Centre for Textile Research

 

Date of this Version

2024

Document Type

Article

Citation

In Textile Crossroads: Exploring European Clothing, Identity, and Culture across Millennia. Anthology of COST Action “CA 19131 – EuroWeb”. Kerstin Droß-Krüpe, Louise Quillien, & Kalliope Sarri, Editors. Zea Books, Lincoln, Nebraska, 2024. DOI: 10.32873/unl.dc.zea.1814

Comments

Copyright © 2024 by the authors.

Abstract

While uneven in their scope and reach, studies of dress and dress complements (fibulae, belt buckles, buttons, etc.) have a significant tradition within the broader study of the pre- and protohistory of Mediterranean Europe.
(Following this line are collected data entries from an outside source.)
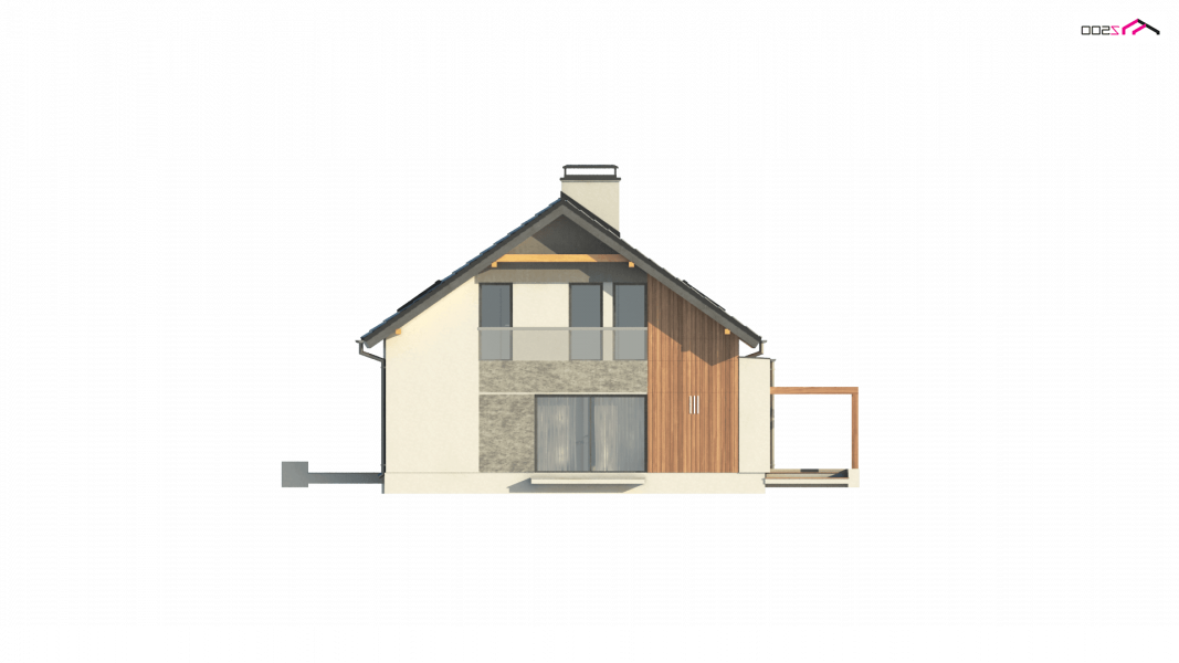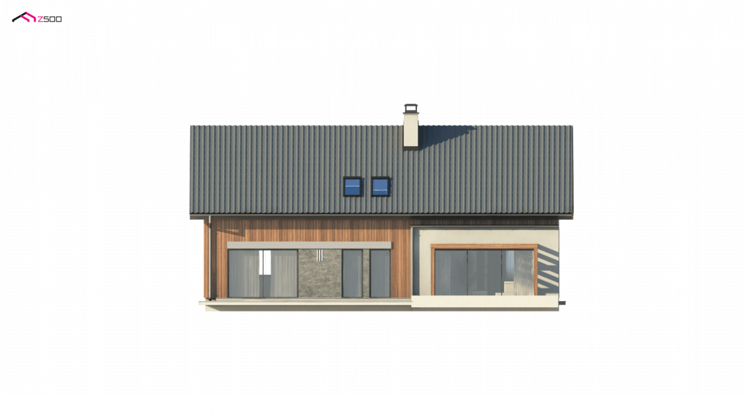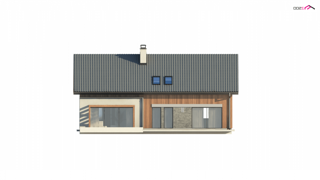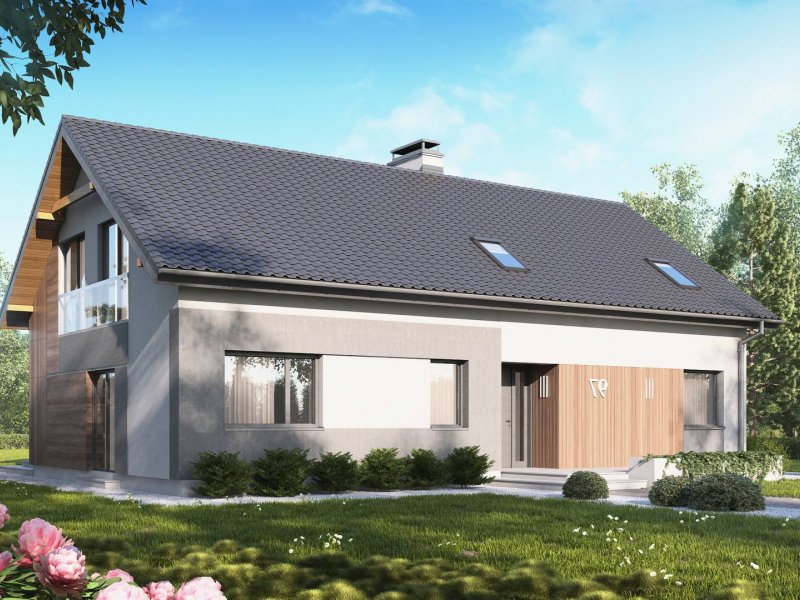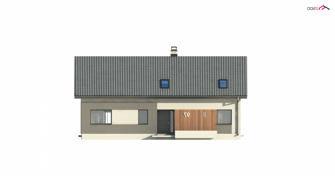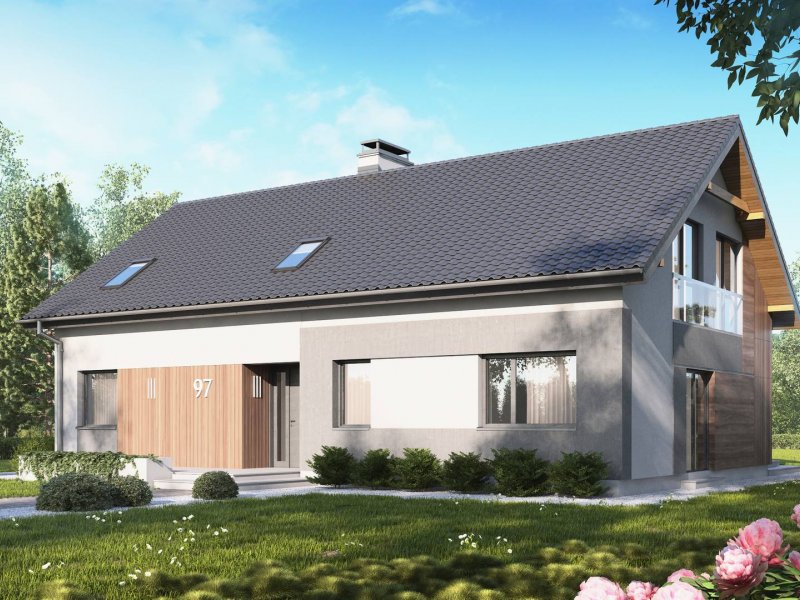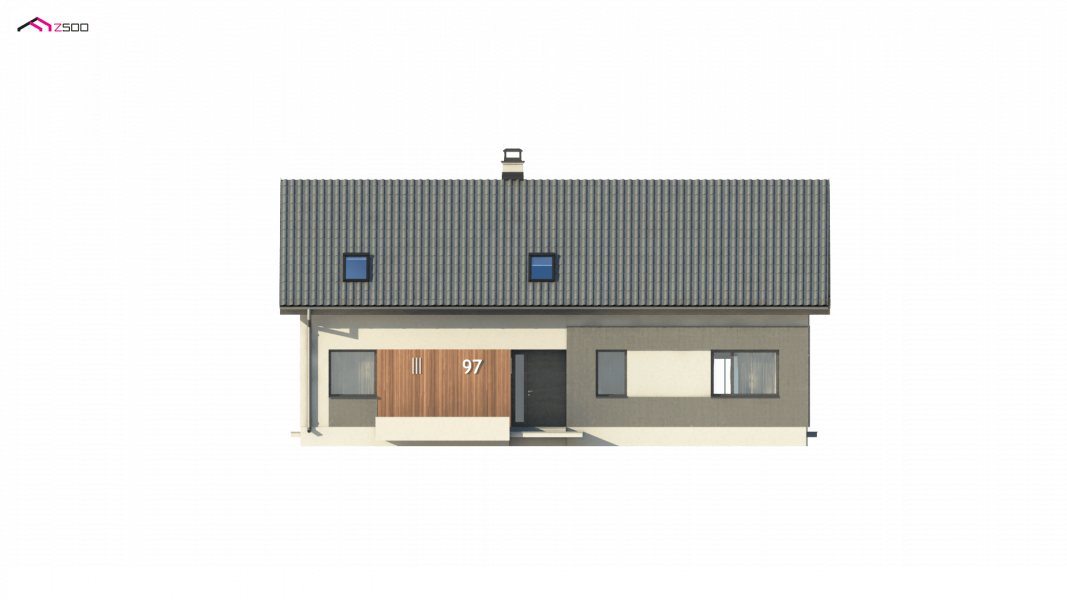 Z97 to dom o prostej, zwartej bryle przekryty dachem dwuspadowym. Brak zbędnych dodatków urozmaicających elewacje, jeden komin i kotłownia w centralnej części czynią ten projekt ekonomiczną i łatwą w realizacji inwestycją.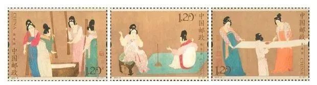 《捣练图》邮票图案描绘了唐代妇女在捣练、织线、熨烫、缝制等劳作时的情景,长卷式的画面上共刻画了十二个人物形象,细节富有情趣,描绘内容很有生活气息。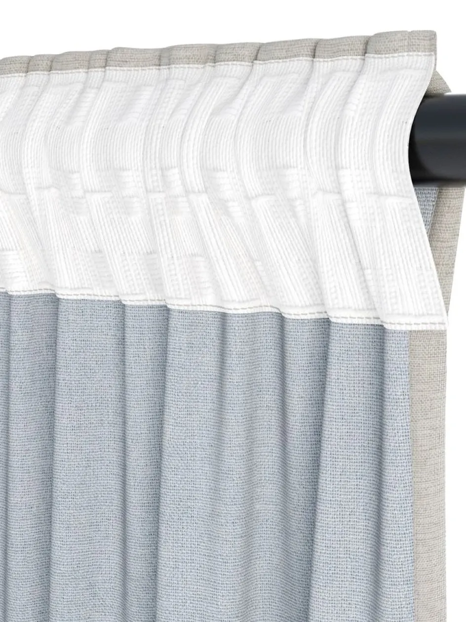 | En-tête de rideau | Bande de renfort et crochets, Tête coulissée |

Many of these studies, however, have had a strong focus on the typology of the dress complements and ornaments themselves, either as chronological indicators, ethnic markers, or both. In more recent years, however, a shift in research agendas has ushered in the introduction of new perspectives and new ways of thinking about dress and bodily adornment.

This contribution explores one such perspective in particular — namely, the concept of bodily capital and its application to the interpretation of gendered regimes of dress — through selected case studies. Said case studies hail from two areas with strong traditions of research on dress and dress complements — the Iberian and the Italic Peninsulas (Figs. 1 & 2).

Regarding the former, examples from the Chalcolithic (see below, section 3.1.1) and the Late Bronze and Early Iron Ages of Southern Portugal (section 3.1.2) illustrate the evolution of regional regimes for the accumulation of bodily capital over time and show how these can highlight the gendered dynamics behind the sociopolitical development of communities in this area between the 3rd and the 1st millennia BC. For the latter, the examples of protohistoric Campania, with a focus on Pontecagnano and its surrounding area (section 3.2.1), and the Archaic Period in the Picenum, with a focus on the site of Numana (section 3.2.2), illustrate the role of dress, and especially female dress, in displays of bodily capital. These have far-reaching implications which go beyond the local and regional scale and must be set against the backdrop of the increasing connectivity of Mediterranean communities throughout the 1st millennium BC.

As will be seen, all these case studies offer insights and clues on how to approach dress and its relationship to both embodied identities and lived experiences of gender (but also status) from different and innovative angles. Before delving into them, however, it seems useful to start by briefly reviewing the development of theoretical and methodological approaches to dress in archaeological research, and to set out the conceptual framework of this study by briefly discussing the notion of bodily capital, its origin and potential applications for the topic at hand.